Tips for a smooth office relocation

November 12, 2014
in Featured Article,Office Administration

At some point, your office will likely need to pull up stakes and head out to unexplored territory, moving the staff and everything else—whether it’s two doors down the same hallway, or across town in a shiny new complex with (finally!) sufficient parking. Your preparations will fall into two categories: (1) ticking off the absolutely-must-do’s and (2) solving the hidden issues that can trip up an otherwise orderly relocation.

First of all, make sure you’ve:

1. Determined the productivity damage. An all-hands-on-deck move in which everyone pitches in to get it done in one fell swoop can be a natural team-building morale booster, but unless you pay everyone overtime to make it happen on a weekend, are you prepared for everyone falling behind—not even including the residual lost time as people get acclimated to their new home? Sit down with managers and figure out how much it’s worth to the company not to miss a beat.

2. Dispatched IT out in front of the move. Even if you’re just headed up the stairs of your building to fabulous suite 500, IT needs to assure you that every single connection will be in place and working ASAP. An IT failure during an office move can be a critical hit to a business. If staff are moving their own office equipment, make sure they know how to hook it up on the other end; have them photograph their connections to make it go smoother.

3. Told everyone who’s in charge. Every aspect of the move should fall directly under the auspices of an assigned manager, and a list should be sent around before it. Lost your power strip? See Bethany. Need new business cards with an updated address? That’s Tom. Phone not working? Go see Daryl. You need to cut the number of unanswered staff questions down to almost nil to make the process tick along effectively.

4. Planned for the “#$%&!” Injuries—hopefully just nicks and bruises—are going to happen. People will misjudge weights and sizes, and they’ll just plain not see where they’re going with that wobbly chair. Not only will you need a first aid kit handy, you’ll need a plan should an employee decide the company is at fault for his pulled muscles or pinched fingers. Get with HR on this one (even going over OSHA notification standards should the worst happen), put out a safety flier and make sure everyone understands the risks of pitching in.

Then there are less obvious issues that need to be addressed:

• Will customers and clients catch on to the fact that for at least one day, you’re just not prepared to put them first? You need to put on a confident face in the midst of the craziness; they don’t care that the office is a jumble. They want results. Find a way to produce them during the big day without excuses. This may mean putting together a small handpicked team to lag behind and ensure each department is held together until it’s safe for them to rejoin the herd.

• Will the marking of territory get disruptive? In the middle of a hectic displacement, the last thing you need is to be dealing with people who suddenly find it unfair that a co-worker gets to sit closer to the coffee pot than they do.
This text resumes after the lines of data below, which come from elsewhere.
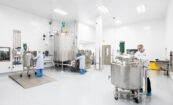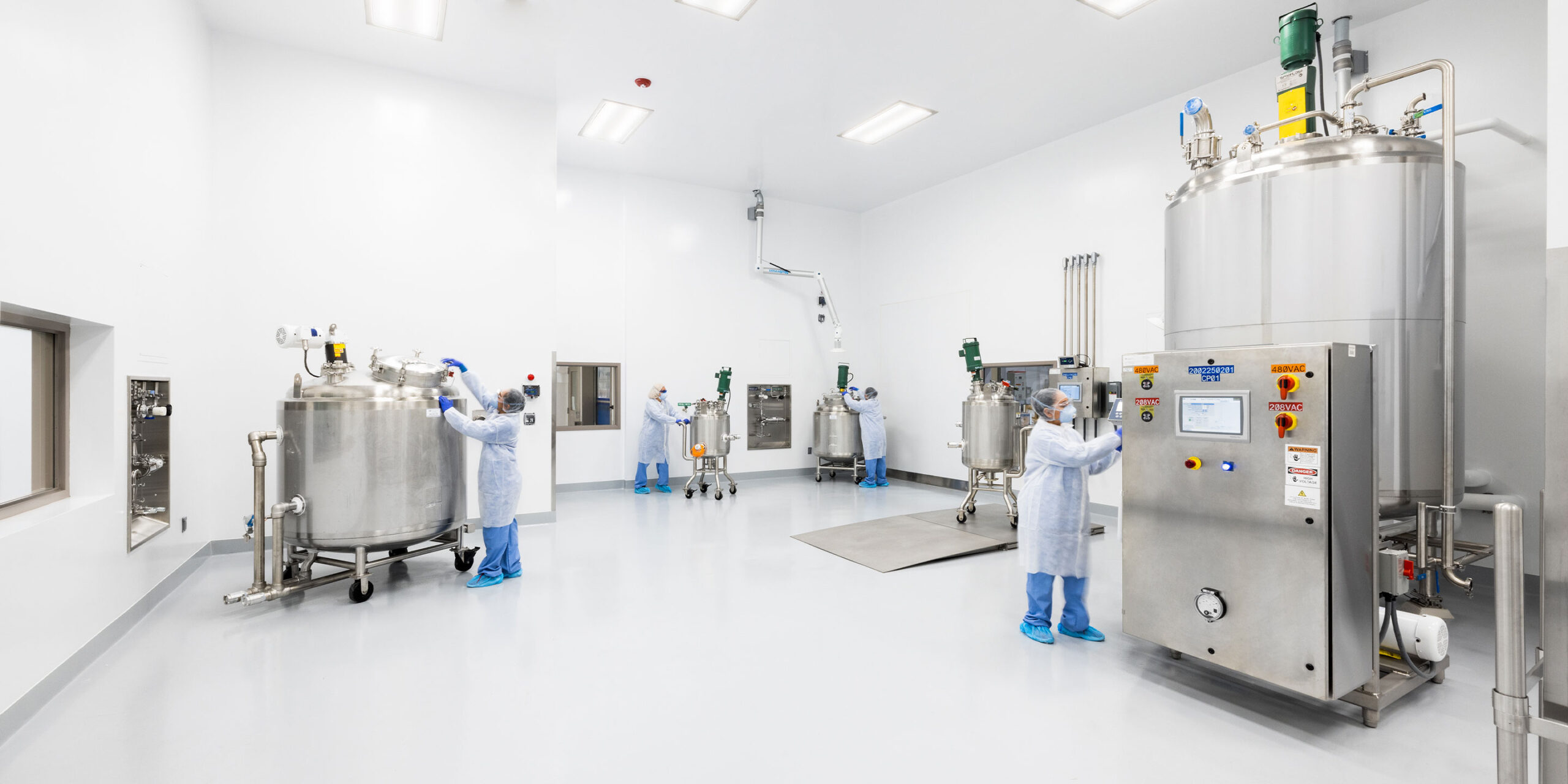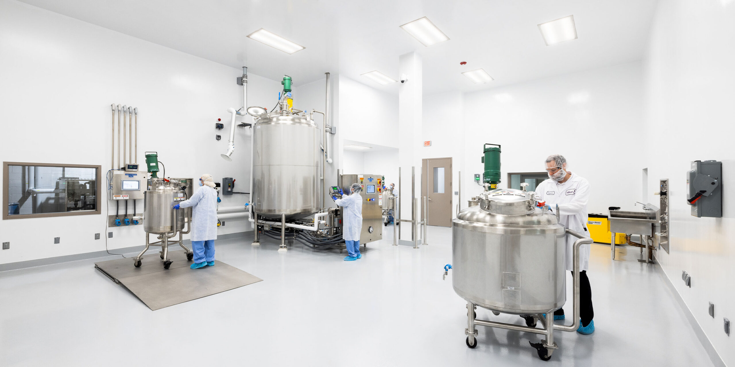 The cleanroom is designed to receive a 4000-liter, stainless-steel mixing tank skid for the manufacturing of suspensions with the ability to add an additional 4000-liter tank at a later stage through a large removable wall panel. Two 1000-liter tanks and a 400-liter tank give Mikart the ability to produce suspensions.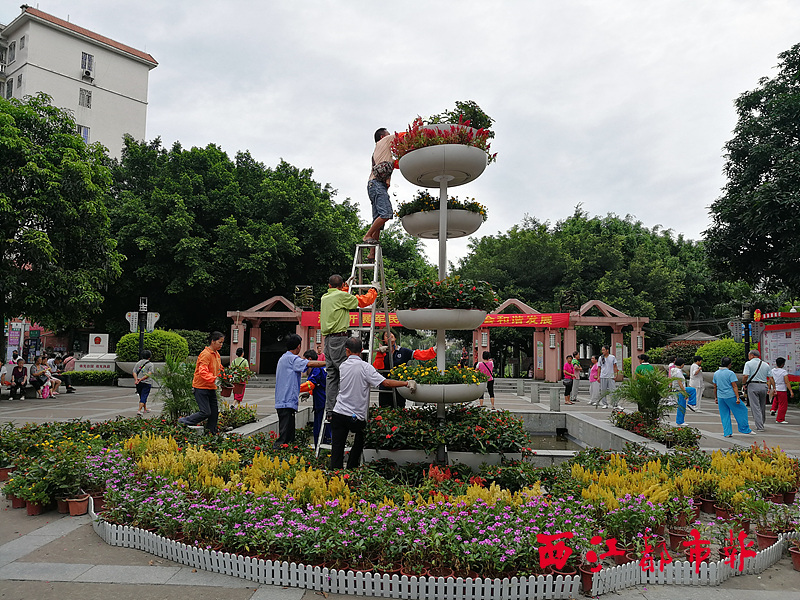 ??? 近日,在潘塘公園法治文化廣場,梧州市公園管理處的工作人員在花壇中擺設雞冠花、菊花等多種花卉,增加公園景觀。西江都市報記者 吳艷虹 攝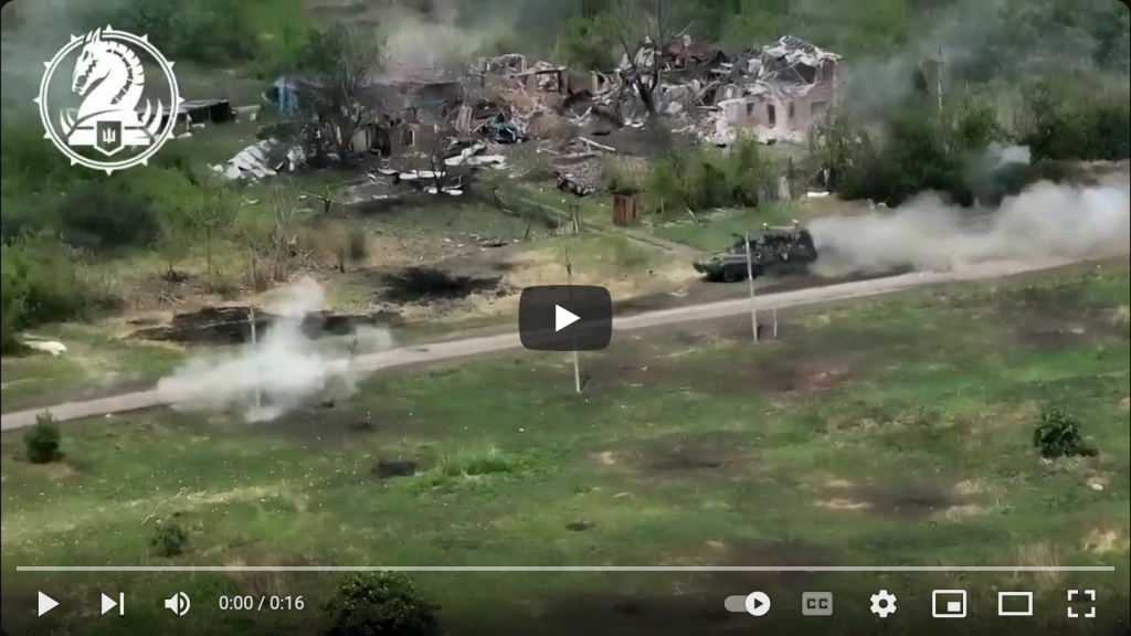 Video footage from a drone of a Ukrainian Bradley facing a Russian BTR at extreme close range. Date and location...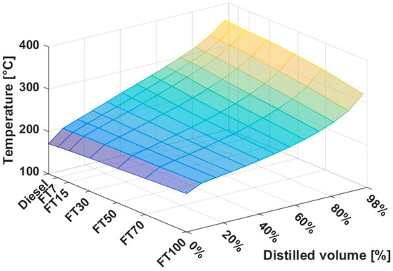 The distillation curve of both the pure and FT-diesel mixture was investigated as well. Schaberg et al., 2005, measured T10, T50, T95 and FBP for FT0, FT50, FT80, and FT100. Conventional diesel used by us contained a higher concentration of low volatile components, thus the distillation temperatures of all diesel mixtures have lower temperatures in T10 (avg. 5% lower) and T50 (avg. 9% lower) [51]. T95 and FBP were almost the same (~1% difference). The distillation curve for pure Fischer–Tropsch diesel was also measured by Gough and Bruno, 2012. A higher concentration of volatile compounds caused a higher distilled amount at lower temperatures [53]. This trend continued throughout the whole range of measured volumes.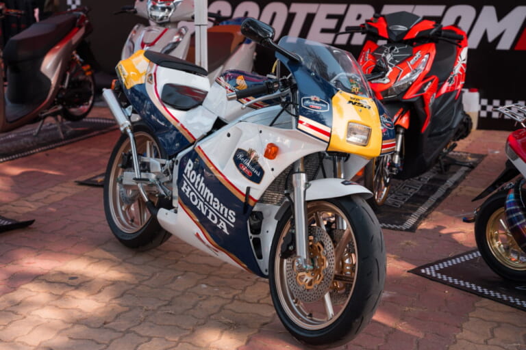 アイコニックバイクとして展示された3車。テントの反対側にはNSR250Rと思われるマシンの後姿もあり、ほかにも2車があるように見える。

Have the law laid down firmly before you get to your destination and impose a moratorium on such complaints until the workflow is back to normal.

• How do you appease the naysayers? From day one, there will be people who (sigh) perceive the new digs as insufficient somehow. Think of putting the new office’s finest feature to use immediately to win full buy-in, and as long as you’re spending so much money on the reshuffle, it’s inexcusable not to tack on the relatively modest cost of a pizza party. Everyone will work very hard during a move; they at least deserve plenty of pepperoni and Pepsi as a reward.